Citrix – Three ways that execs can prevent employee burnout

Much has been said about remote working and the new normal now that the COVID-19 pandemic and lockdown is part and parcel of life, but this radical change has also meant that different demands have been placed on workforces. As a result, the propensity for employee burnout is rising, but Citrix thinks that technology can help tackle some of the burden.

“Your team looks tired, stressed, and not at full strength, especially since you count at least four employees who are absent from illness. In short, your employees are burnt out. Employee burnout has become common, but it’s a huge threat to your organisation,” Citrix highlights in a press release sent to Hypertext.

“As a leader in your organisation, it’s vital you take steps to prevent employee burnout and promote wellness. Here are three ways to make that happen,” it emphasises.

To that end the company has detailed three ways in which executives can address employee burnout, while also looking at the businesses’ digital transformation goals, as well as keeping productivity at a high level.

What can be done

The first is empowering employees with control over their technology. On this front, Citrix notes that the myriad applications and devices needed to complete one’s work can often compound stress, and that a more seamless approach is needed.

“The average business worker uses 9.4 different applications for daily work. Every time they have to switch apps, they’re spending valuable mental energy on adjusting to a new context. Add this stress to the fact that many employees have no say in which apps and devices they use to do their work, and you have a fast track to burnout,” says Citrix.

“To address this, empower employees to choose the technology they use to get work done. For example, defining secure but flexible BYOD policies for your office allows your employees to control which devices they use for work. It’s also helpful to leverage technology that integrates with the familiar consumer apps your workers know and like to use. Finally, look at workspace technology that brings all essential business apps together in one interface,” the company advises.
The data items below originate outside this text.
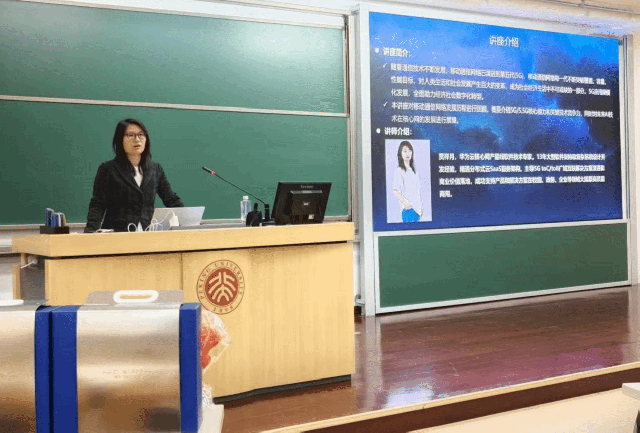 第四十七期“知存讲座”暨信息科学前沿与产业创新课程在理科教学楼107教室顺利举办。本次讲座主题为"5G/5G-A通信网络及未来AI技术展望",邀请华为云核心网产品线软件技术专家贾祥月老师担任主讲嘉宾。贾祥月拥有13年大型软件架构和复杂系统设计开发经验,精通分布式云SaaS服务架构,成功支持产品和解决方案在多个领域大规模高质量商用。本次讲座,她通过5G网络介绍、5G关键技术、5.5G关键技术、未来技术展望四个部分,回顾移动通信网络的发展历程,介绍5G和5.5G技术的核心竞争力,同时对未来AI技术在核心网领域的作用进行展望。讲座内容全面,易于理解,且包括丰富的互动环节,促进同学们深入了解移动通信网络的发展历程,也启发同学们结合所学知识思考5.5G相关通信技术的未来发展方向。讲座由电子学院舒浩文助理教授主持。
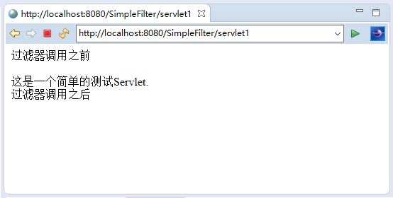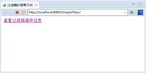 在編寫上面代碼后,部署此Web應(yīng)用程序(在項(xiàng)目名稱上點(diǎn)擊右鍵->”Run On Server…”),打開瀏覽器訪問URL: http://localhost:8080/SimpleFilter/ ,如果沒有錯(cuò)誤,應(yīng)該會(huì)看到以下結(jié)果 -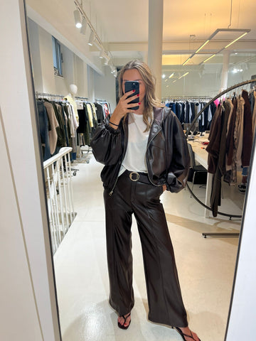Veste à capuche en simili cuir ultra souple et douce ou dirait de l'agneau! Pantalon assorti sur notre site.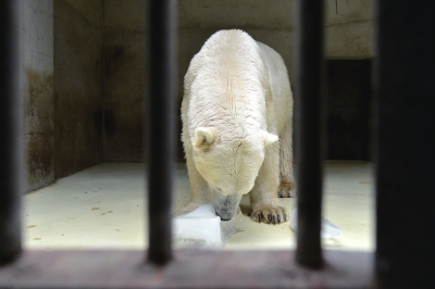 這時(shí),飼養(yǎng)員向北極熊的“客廳”投進(jìn)去兩大塊冷凍冰塊,不一會(huì)兒,一只胖胖的北極熊挪動(dòng)著龐大的身軀慢慢地從自己“臥室”走出來(lái),雙手抱起冰塊,放在嘴邊啃起來(lái)。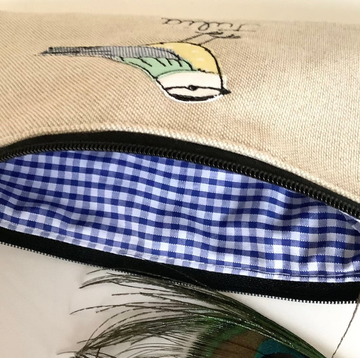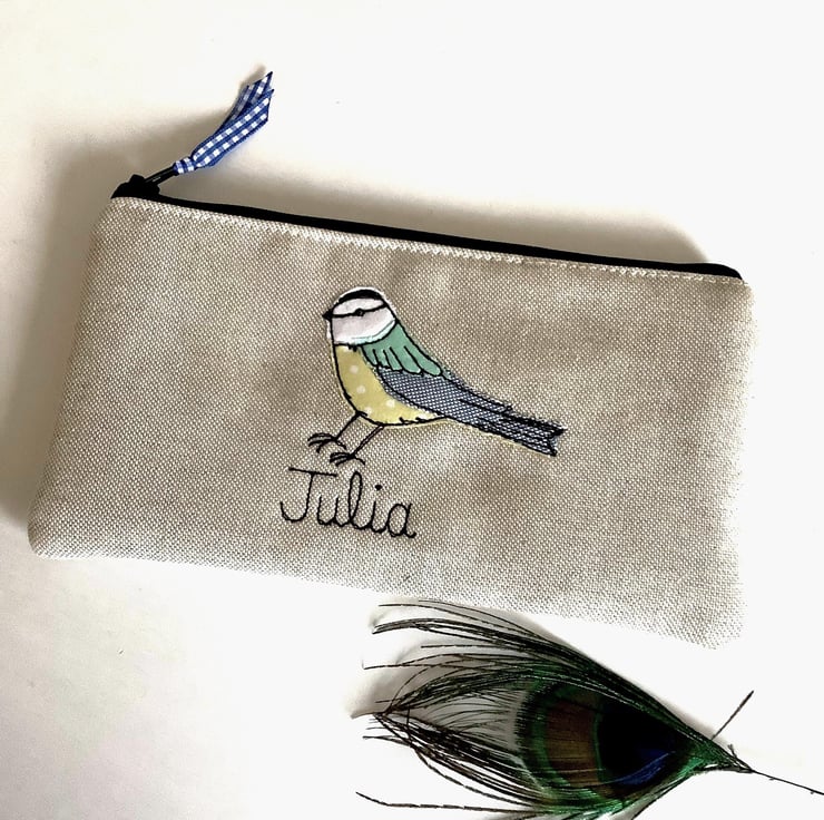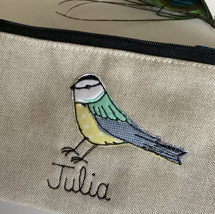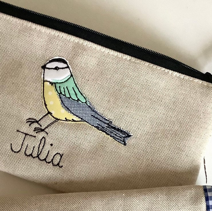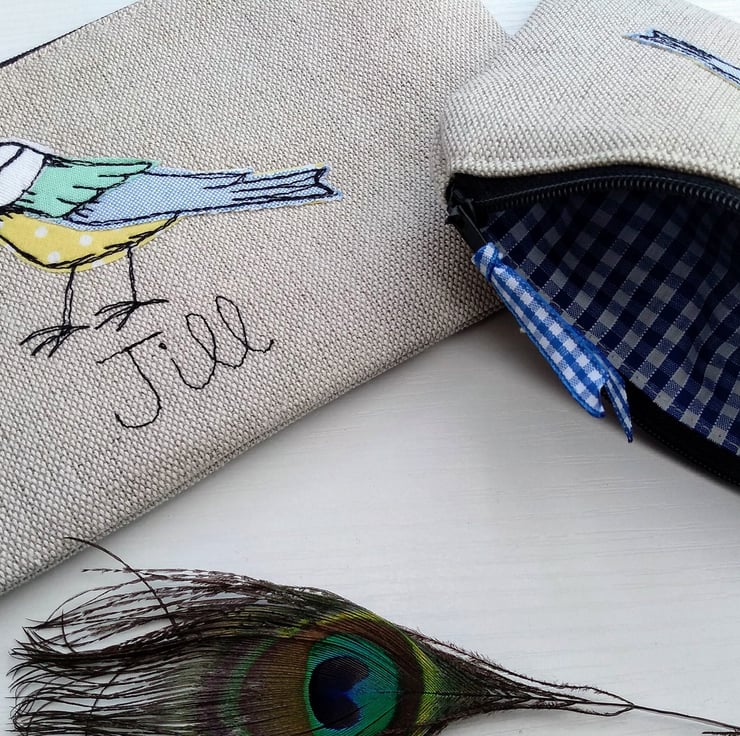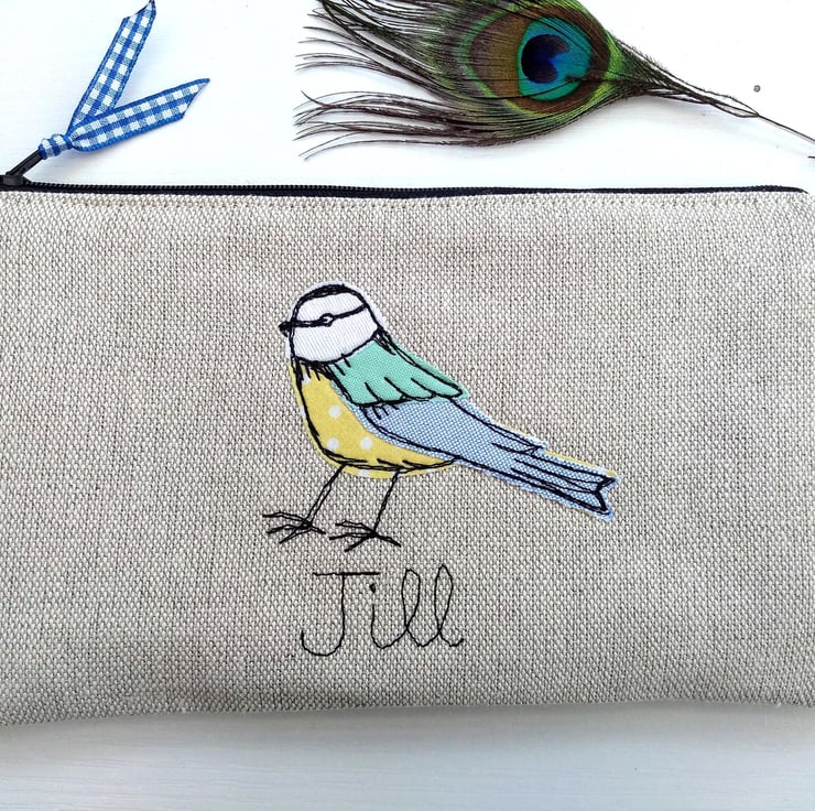 Custom Blue Tit Cosmetic Bag - Personalised Makeup Pouch with Free Motion Design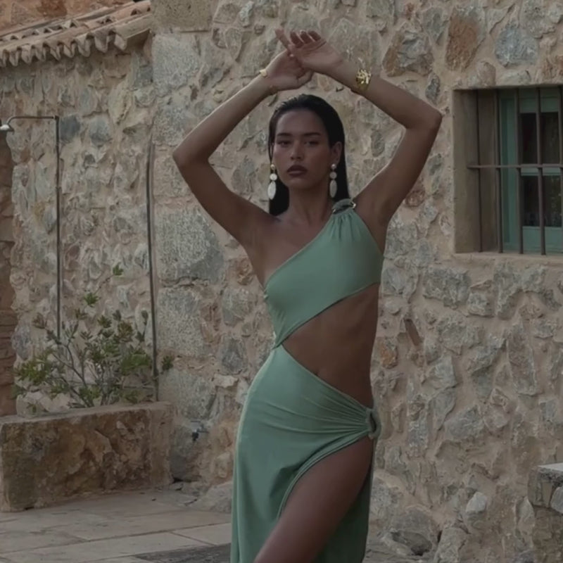Time to take power-dressing to new, elegant heights. This sleek, tailored gown from Sakuranna is as empowering as it is chic. Scarlett dress is designed in a one-shoulder style, with an alluring center cutout detail and sharp thigh-high side slit. Shaped to hug the figure, the Scarlett maxi dress is a statement style. Fearlessly show some skin!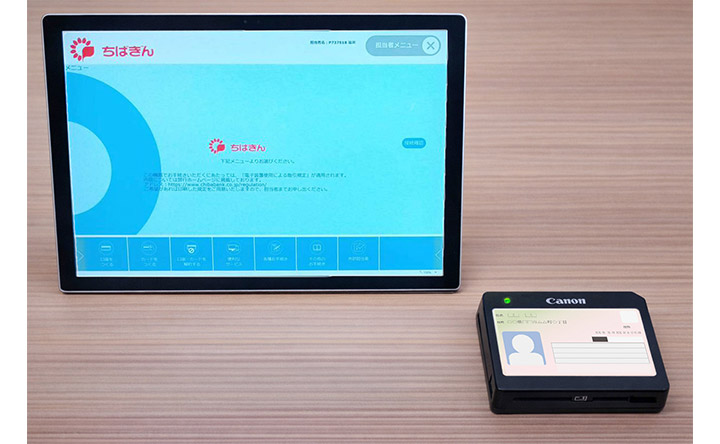 当社が提供するキヤノン電子株式会社製の読み取りデバイスで、マイナンバーカードや運転免許証などのICチップおよび金融機関のキャッシュカード(IC・磁気)の読み取りに対応しています。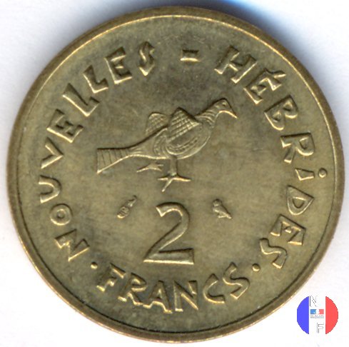 2 franchi Dritto: RÉPVBLIQVE FRANÇAISE - I.E.O.M - (anno) - R JOLY Testa (volta a sinistra) della Marianna Verso: NOUVELLES HÉBRIDES - 2 FRANCS Fregata minor | |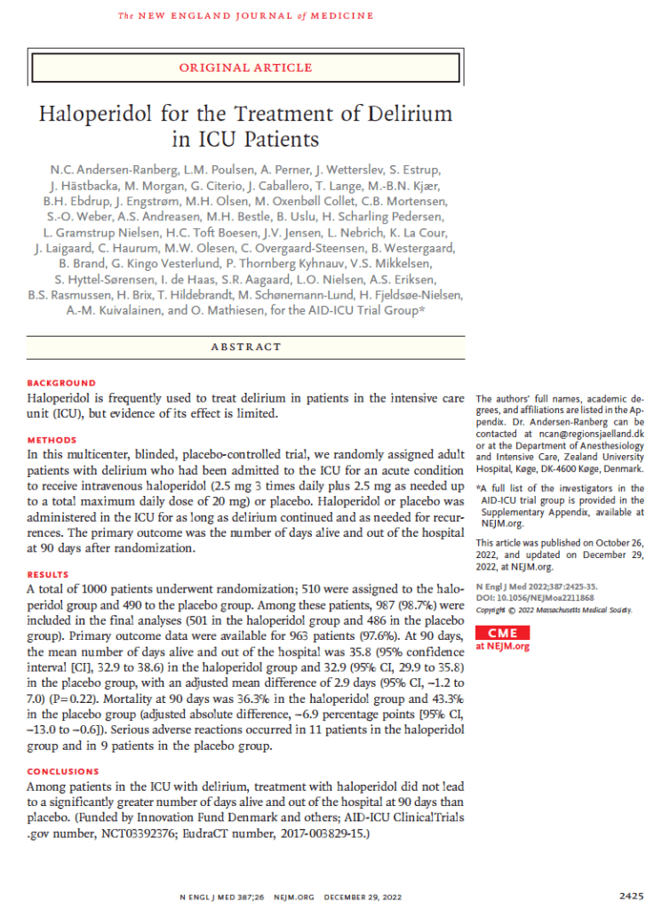 #11 AID-ICU “Haloperidol for the treatment of delirium in ICU patients”

Next is deploying technology that reduces distraction by automating tasks. Here Citrix points to how easily employees can get distracted, whether it be messages and notifications from members in their team, or reminders of tasks that still need to be done.

While distractions are normal, if they become increasingly frequent, they can often lead to burnout, but again technology can play a part in screening distractions.

“By deploying the right technology, you can screen out nonessential interruptions using settings that eliminate notifications from Slack, email, or calendar updates during certain work times. New developments in machine-learning and AI also make it possible to automate low-value tasks like RSVPing to calendar invites or approving expense reports. These technologies help prevent the distractions that lead to burnout and hurt your employees’ engagement,” says Citrix.

Lastly is scheduling weekly whitespace time for all employees. Citrix highlights the “always on” work culture as a significant contributor to employee burnout, also citing a recently sponsored Quartz report that showed that 67 percent of employees that had an always on approach, having a significant impact on their mental and physical health.

This is why Citrix is advocating for finding the right balance within the work environment. It sounds easy on paper, but can prove difficult to implement in practice, but Citrix believes it is necessary to tackle employee burnout.

“By scheduling weekly whitespace hours in your employees’ calendars, you can designate time in the workweek for creative thinking, passion projects, and exercise. It’s also beneficial to facilitate communal spaces (like a game room or yoga studio) for your employees to spend this whitespace time together if they wish—this helps staff build stronger working relationships as they unplug together,” the company illustrates.

Something to consider

With the new normal and remote working likely here to stay for many, especially those in organisations that have eulogised digital transformation and pushed forward with their respective strategies, employee burnout is something that cannot be ignored.

“By giving your staff more control over their workplace technology, prioritising tools that reduce distraction, and reserving unplugged whitespace time for your team, you can promote a culture of wellness at your organisation that will keep burnout at bay,” it concludes.